**Recorded data**
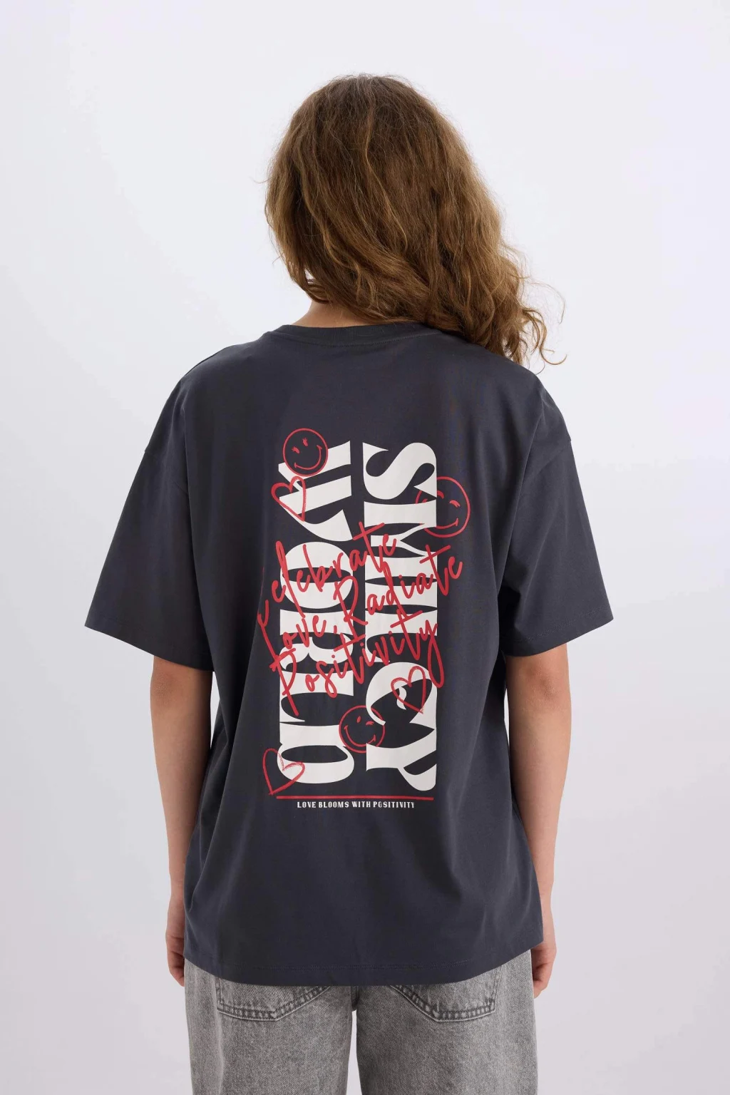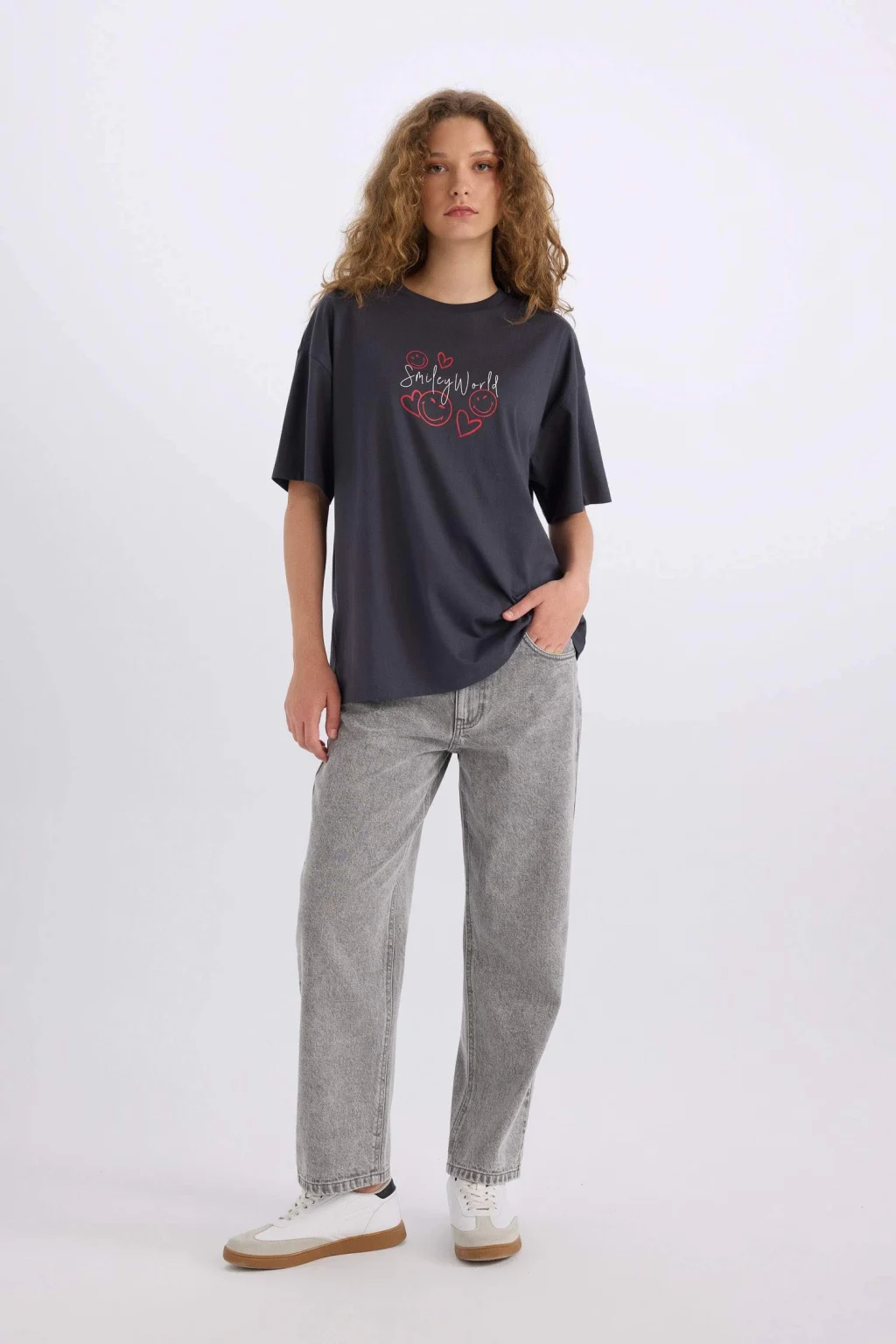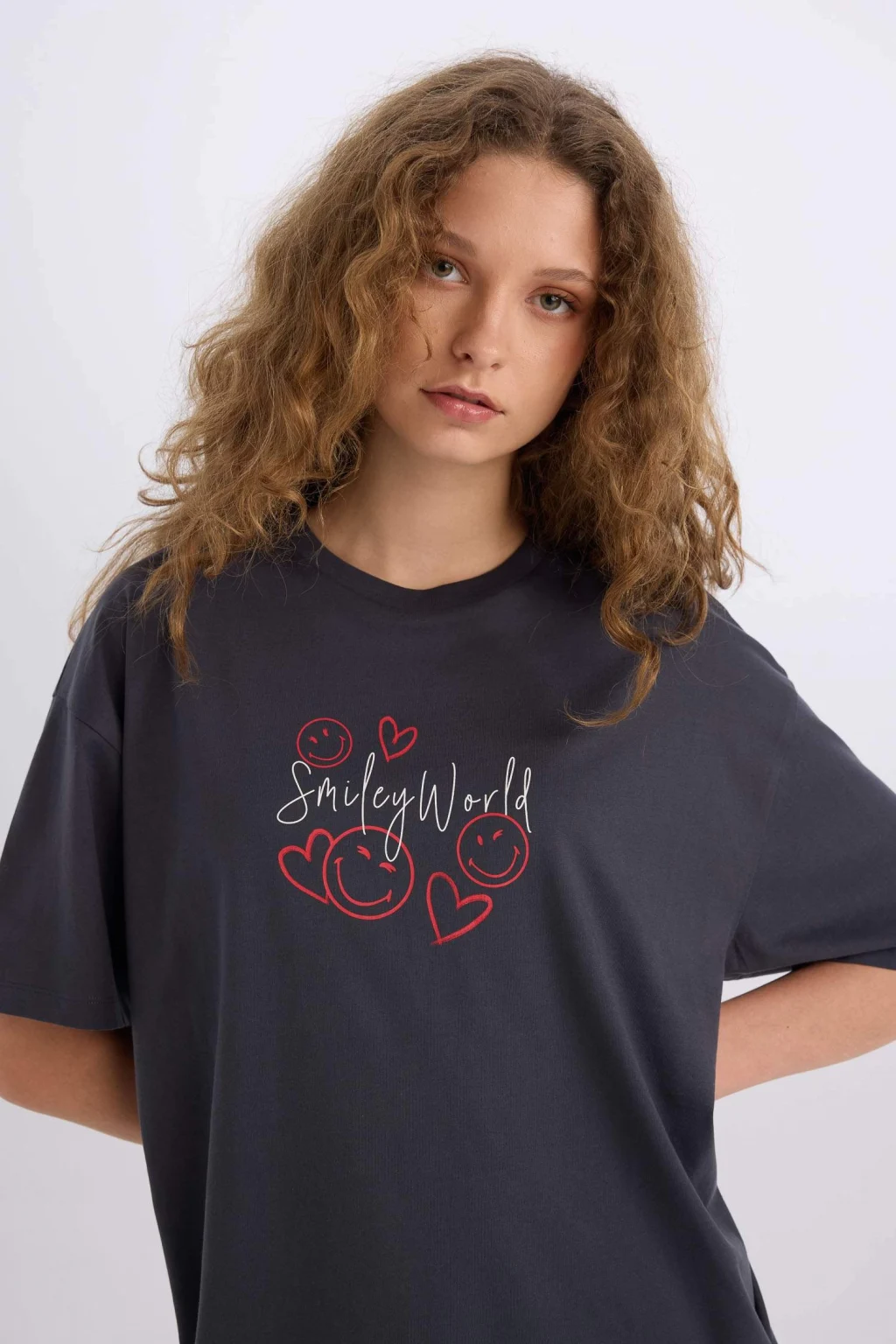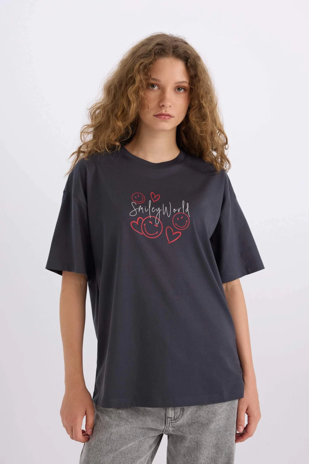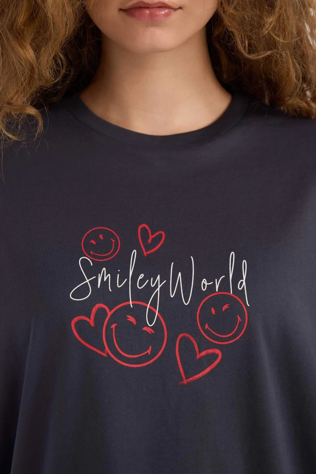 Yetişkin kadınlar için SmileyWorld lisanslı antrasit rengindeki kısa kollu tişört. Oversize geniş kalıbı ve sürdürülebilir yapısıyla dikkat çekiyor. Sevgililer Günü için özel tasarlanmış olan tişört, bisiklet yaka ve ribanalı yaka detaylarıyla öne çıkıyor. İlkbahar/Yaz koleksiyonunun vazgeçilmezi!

* * *

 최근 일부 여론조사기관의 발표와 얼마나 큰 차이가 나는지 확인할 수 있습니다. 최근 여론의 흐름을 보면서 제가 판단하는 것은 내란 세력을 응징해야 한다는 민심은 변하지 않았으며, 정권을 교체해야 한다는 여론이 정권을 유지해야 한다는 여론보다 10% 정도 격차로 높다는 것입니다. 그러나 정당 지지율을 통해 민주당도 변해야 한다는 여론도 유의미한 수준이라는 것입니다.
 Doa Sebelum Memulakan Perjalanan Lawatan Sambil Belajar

==

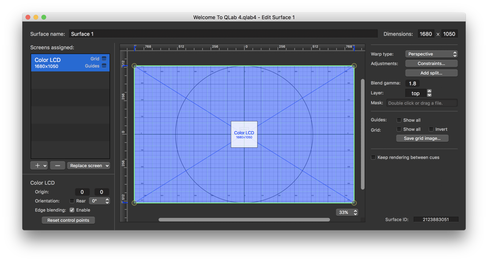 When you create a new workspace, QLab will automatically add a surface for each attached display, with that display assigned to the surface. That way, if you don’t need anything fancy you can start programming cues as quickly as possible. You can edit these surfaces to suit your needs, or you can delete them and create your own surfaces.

**Work instructions**
Using the data above, print exactly the lines from the line that contains "최근 일부 여론조사기관의" through the line that contains "Doa Sebelum Memulakan", with both included.

**Output for this exercise**
 최근 일부 여론조사기관의 발표와 얼마나 큰 차이가 나는지 확인할 수 있습니다. 최근 여론의 흐름을 보면서 제가 판단하는 것은 내란 세력을 응징해야 한다는 민심은 변하지 않았으며, 정권을 교체해야 한다는 여론이 정권을 유지해야 한다는 여론보다 10% 정도 격차로 높다는 것입니다. 그러나 정당 지지율을 통해 민주당도 변해야 한다는 여론도 유의미한 수준이라는 것입니다.
 Doa Sebelum Memulakan Perjalanan Lawatan Sambil Belajar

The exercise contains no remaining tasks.